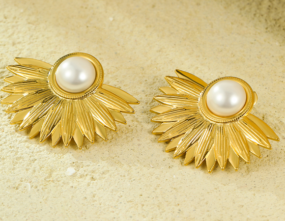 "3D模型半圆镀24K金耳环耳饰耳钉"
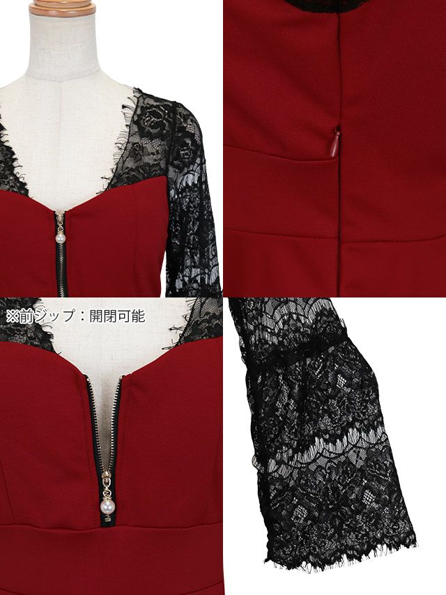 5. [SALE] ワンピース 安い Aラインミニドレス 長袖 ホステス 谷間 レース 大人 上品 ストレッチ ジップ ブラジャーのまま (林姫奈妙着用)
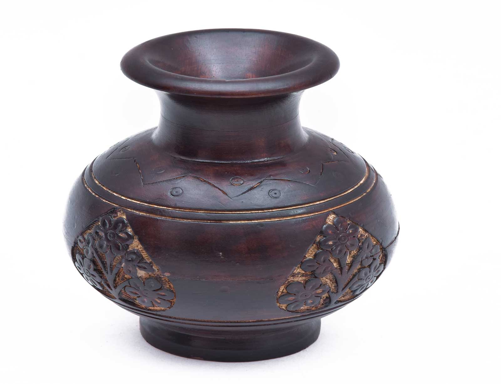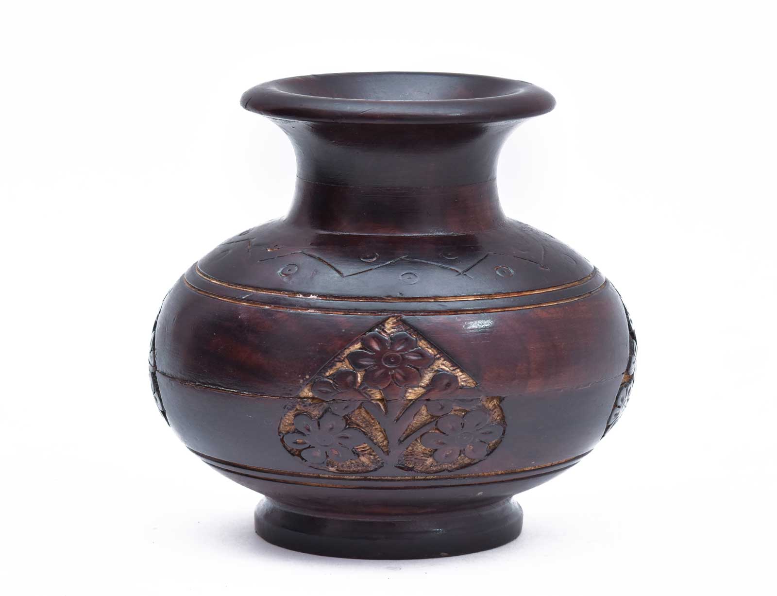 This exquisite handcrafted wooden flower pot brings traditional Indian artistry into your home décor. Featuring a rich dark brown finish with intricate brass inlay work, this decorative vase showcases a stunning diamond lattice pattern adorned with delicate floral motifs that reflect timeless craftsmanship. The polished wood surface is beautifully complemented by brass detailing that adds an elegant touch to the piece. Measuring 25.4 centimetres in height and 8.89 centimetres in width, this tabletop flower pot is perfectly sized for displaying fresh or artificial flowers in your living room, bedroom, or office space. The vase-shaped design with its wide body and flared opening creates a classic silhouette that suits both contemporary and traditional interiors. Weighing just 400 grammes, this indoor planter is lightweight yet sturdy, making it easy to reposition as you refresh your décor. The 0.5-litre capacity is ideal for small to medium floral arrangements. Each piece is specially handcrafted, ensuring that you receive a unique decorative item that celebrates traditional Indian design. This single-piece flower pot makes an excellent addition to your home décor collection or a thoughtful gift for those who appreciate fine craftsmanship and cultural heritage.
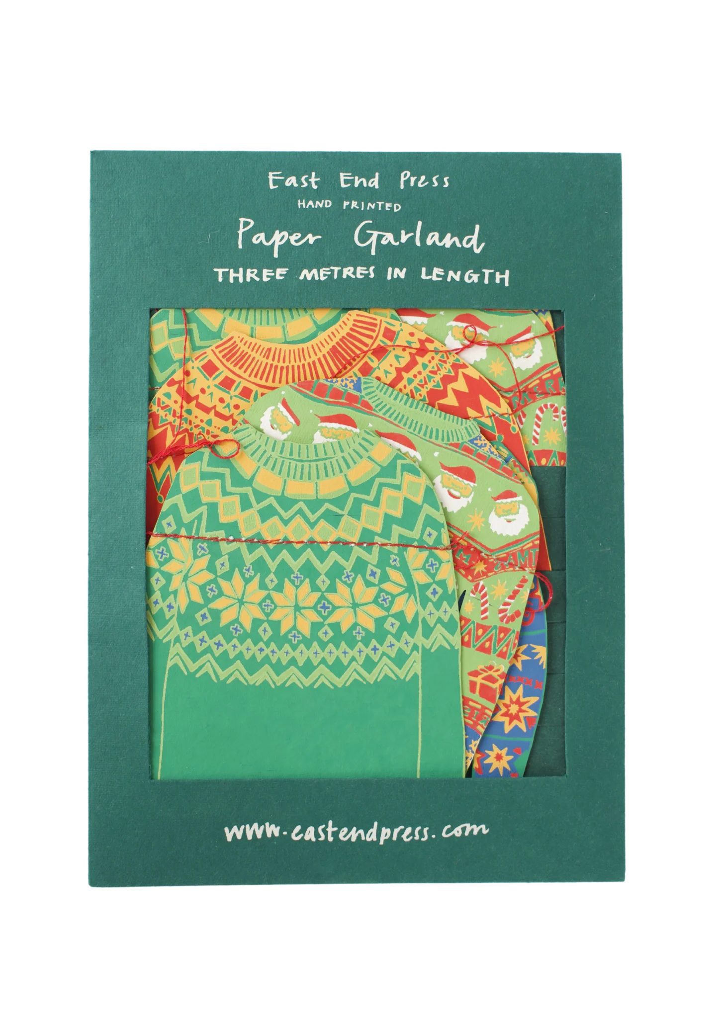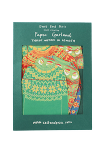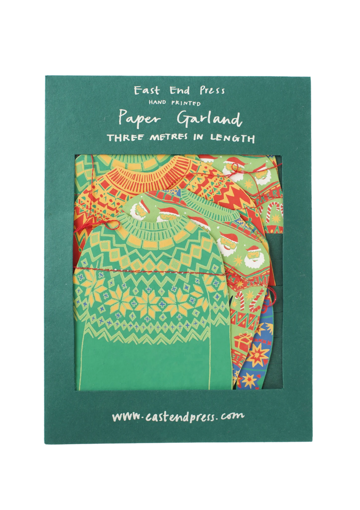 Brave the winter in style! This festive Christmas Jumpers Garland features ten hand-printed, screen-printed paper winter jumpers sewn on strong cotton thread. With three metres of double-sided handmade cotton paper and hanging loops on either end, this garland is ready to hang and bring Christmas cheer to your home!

● ● ● ● ●

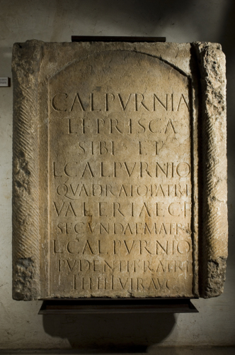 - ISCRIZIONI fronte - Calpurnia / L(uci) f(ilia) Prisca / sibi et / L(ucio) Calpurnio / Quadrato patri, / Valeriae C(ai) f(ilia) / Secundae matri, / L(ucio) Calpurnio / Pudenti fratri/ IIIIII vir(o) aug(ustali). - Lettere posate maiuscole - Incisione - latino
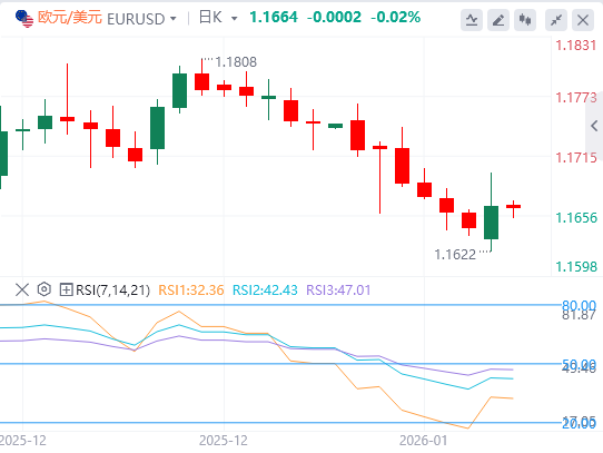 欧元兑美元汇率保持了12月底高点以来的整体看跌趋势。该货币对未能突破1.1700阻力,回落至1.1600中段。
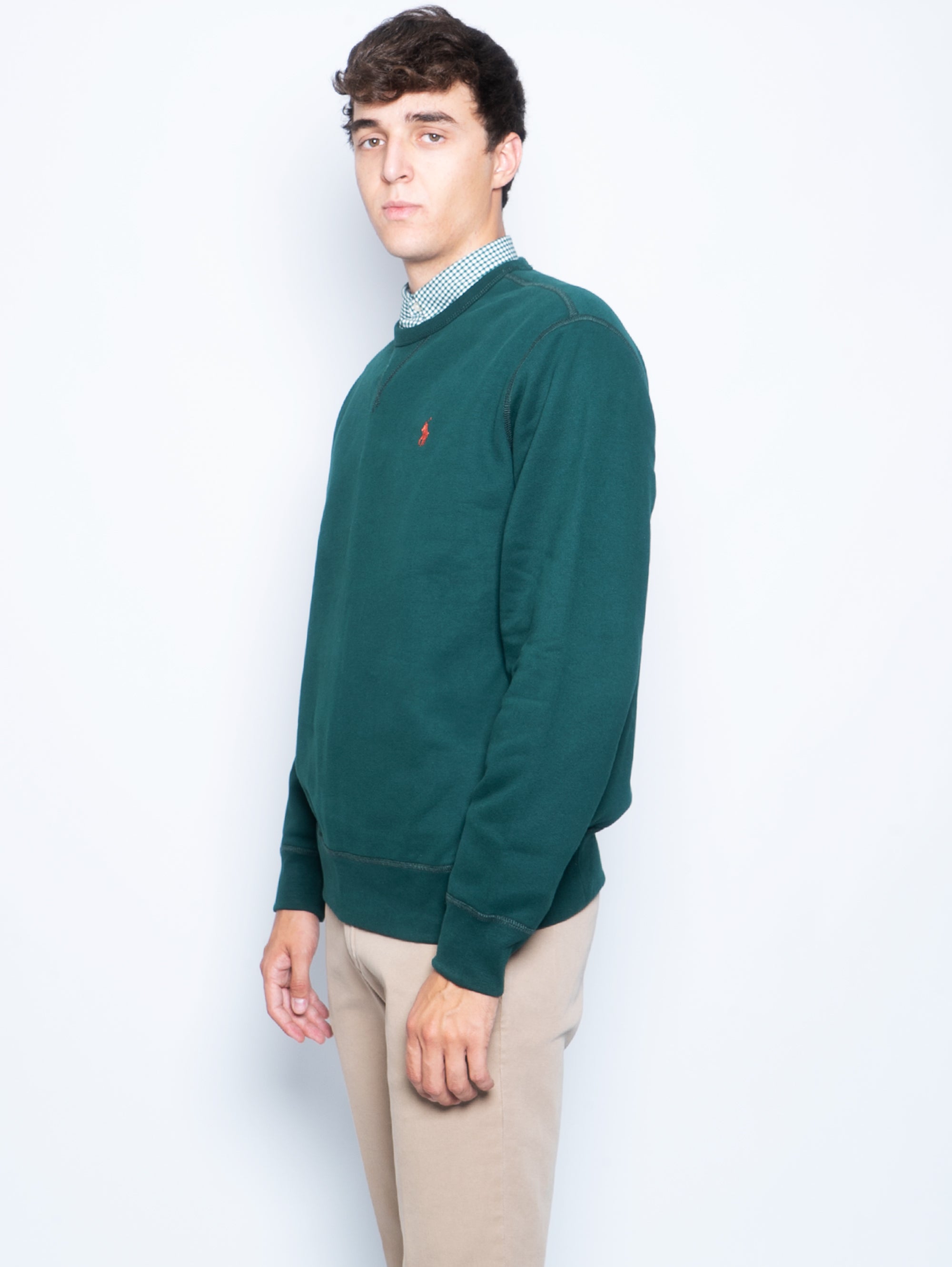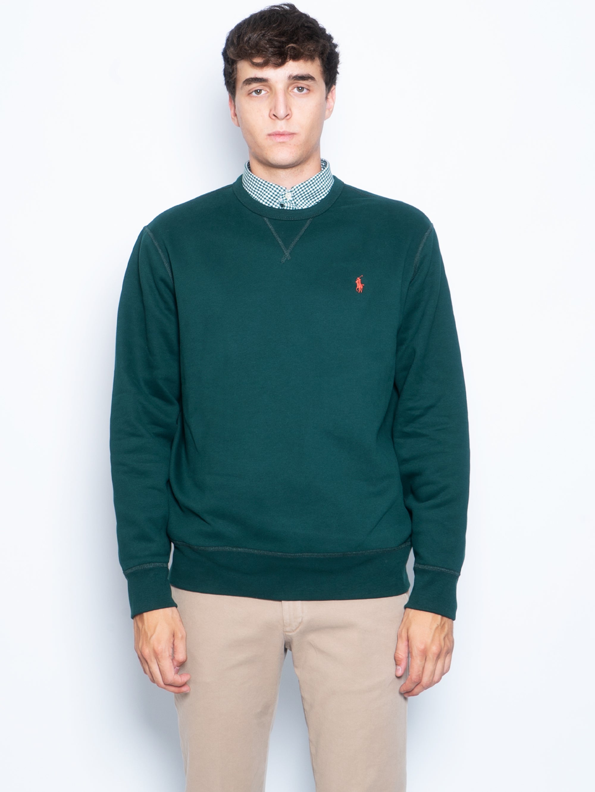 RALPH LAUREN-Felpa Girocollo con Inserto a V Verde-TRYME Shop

● ● ● ● ●

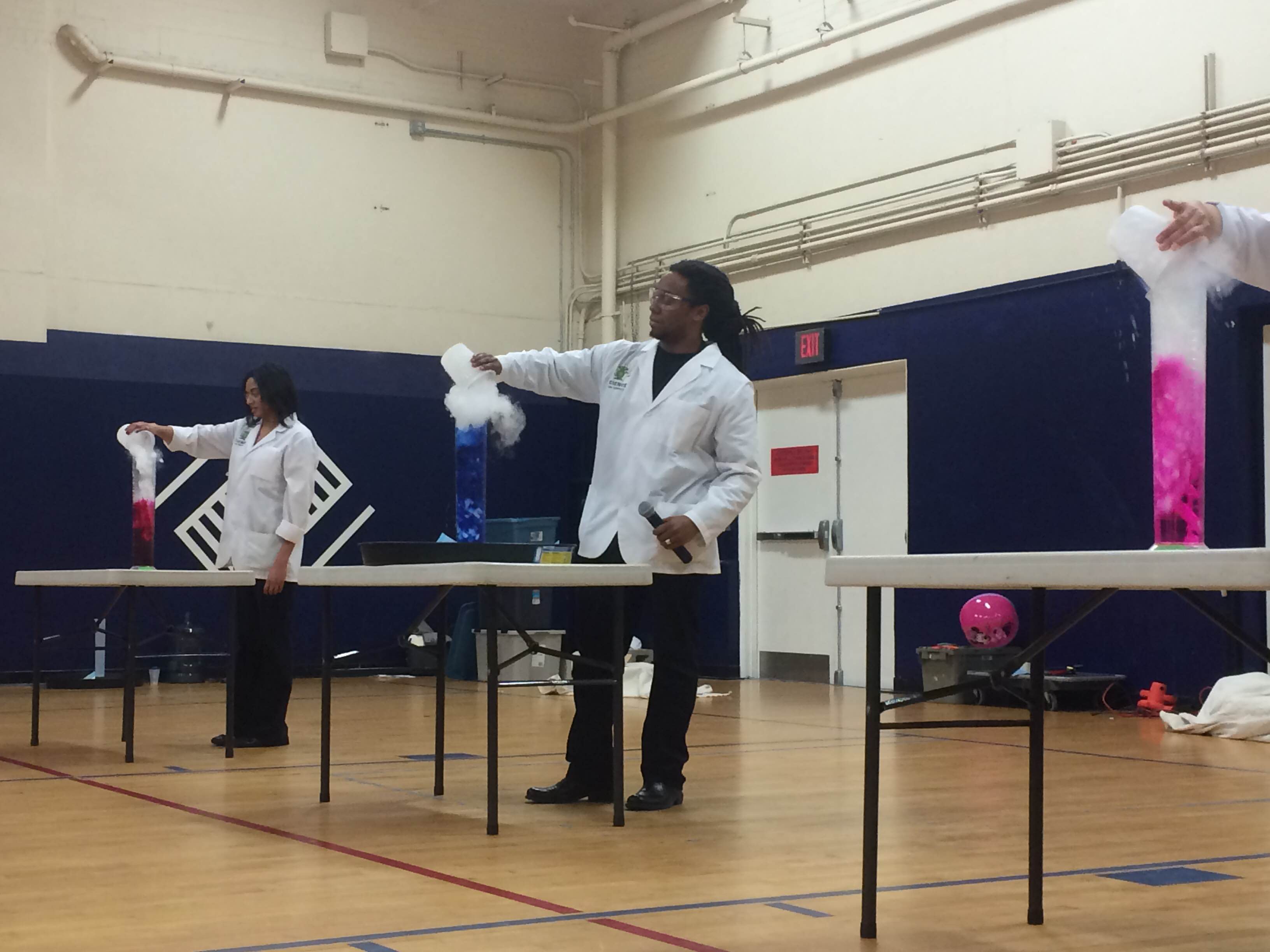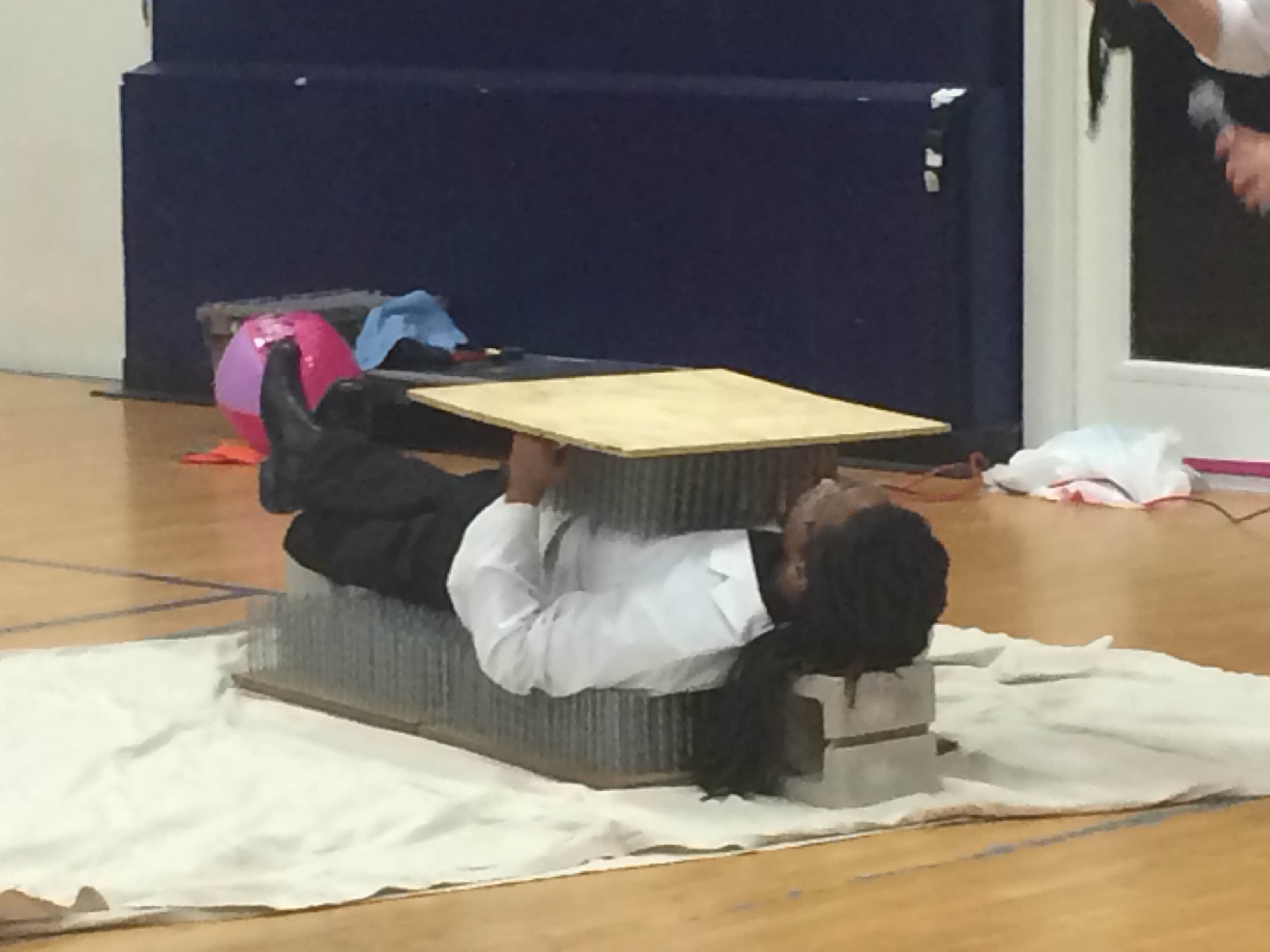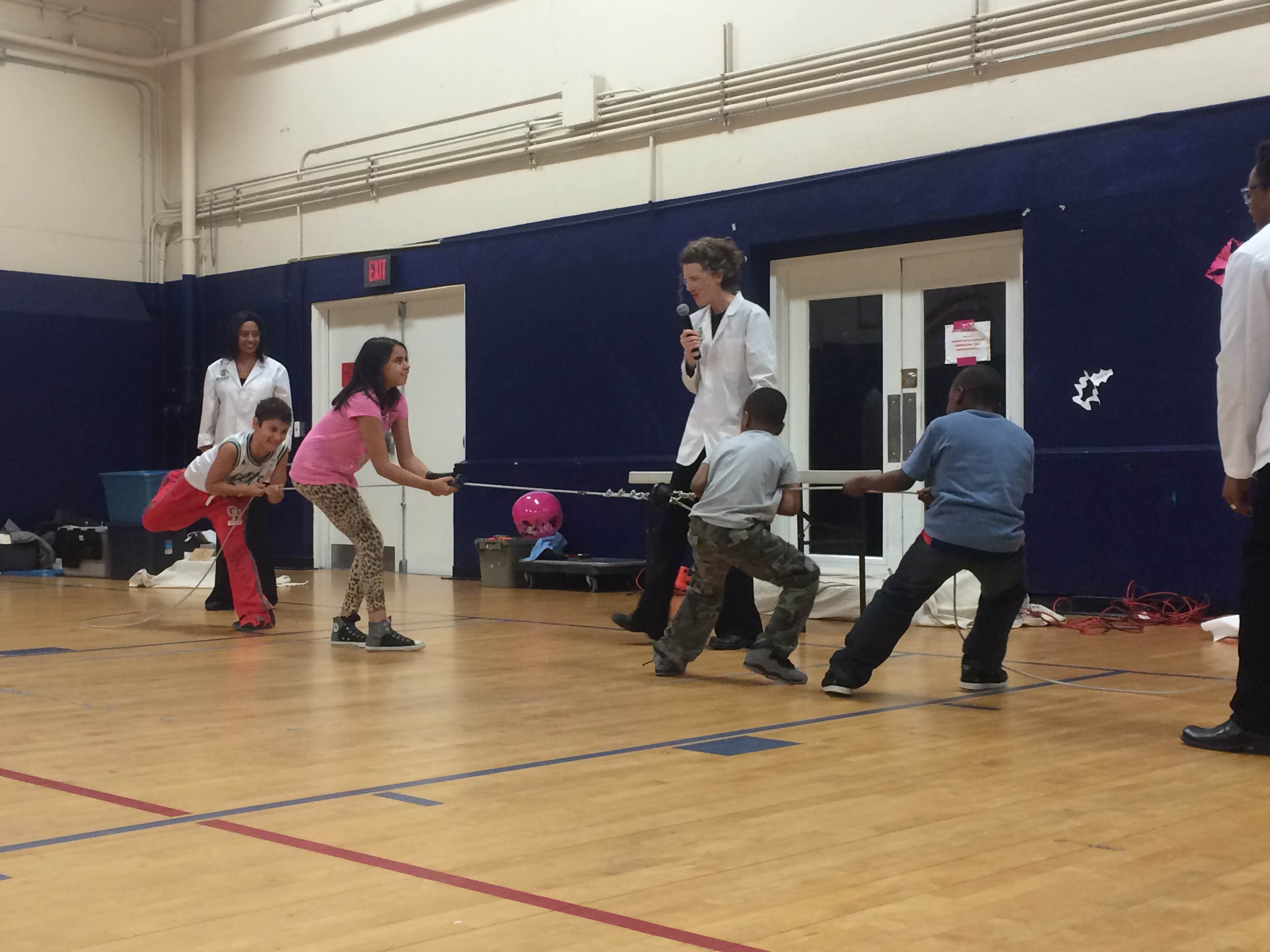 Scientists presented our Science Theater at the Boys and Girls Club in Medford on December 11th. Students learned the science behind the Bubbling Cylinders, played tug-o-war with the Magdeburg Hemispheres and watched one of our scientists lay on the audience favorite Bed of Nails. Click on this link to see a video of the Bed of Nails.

● ● ● ● ●

• Aim of the exercise: Starting with the line above that holds "This exquisite handcrafted", restate each line word for word up to and including the line that holds "Brave the winter". Drop the pictures.

• Solution for this exercise:
 This exquisite handcrafted wooden flower pot brings traditional Indian artistry into your home décor. Featuring a rich dark brown finish with intricate brass inlay work, this decorative vase showcases a stunning diamond lattice pattern adorned with delicate floral motifs that reflect timeless craftsmanship. The polished wood surface is beautifully complemented by brass detailing that adds an elegant touch to the piece. Measuring 25.4 centimetres in height and 8.89 centimetres in width, this tabletop flower pot is perfectly sized for displaying fresh or artificial flowers in your living room, bedroom, or office space. The vase-shaped design with its wide body and flared opening creates a classic silhouette that suits both contemporary and traditional interiors. Weighing just 400 grammes, this indoor planter is lightweight yet sturdy, making it easy to reposition as you refresh your décor. The 0.5-litre capacity is ideal for small to medium floral arrangements. Each piece is specially handcrafted, ensuring that you receive a unique decorative item that celebrates traditional Indian design. This single-piece flower pot makes an excellent addition to your home décor collection or a thoughtful gift for those who appreciate fine craftsmanship and cultural heritage.
 Brave the winter in style! This festive Christmas Jumpers Garland features ten hand-printed, screen-printed paper winter jumpers sewn on strong cotton thread. With three metres of double-sided handmade cotton paper and hanging loops on either end, this garland is ready to hang and bring Christmas cheer to your home!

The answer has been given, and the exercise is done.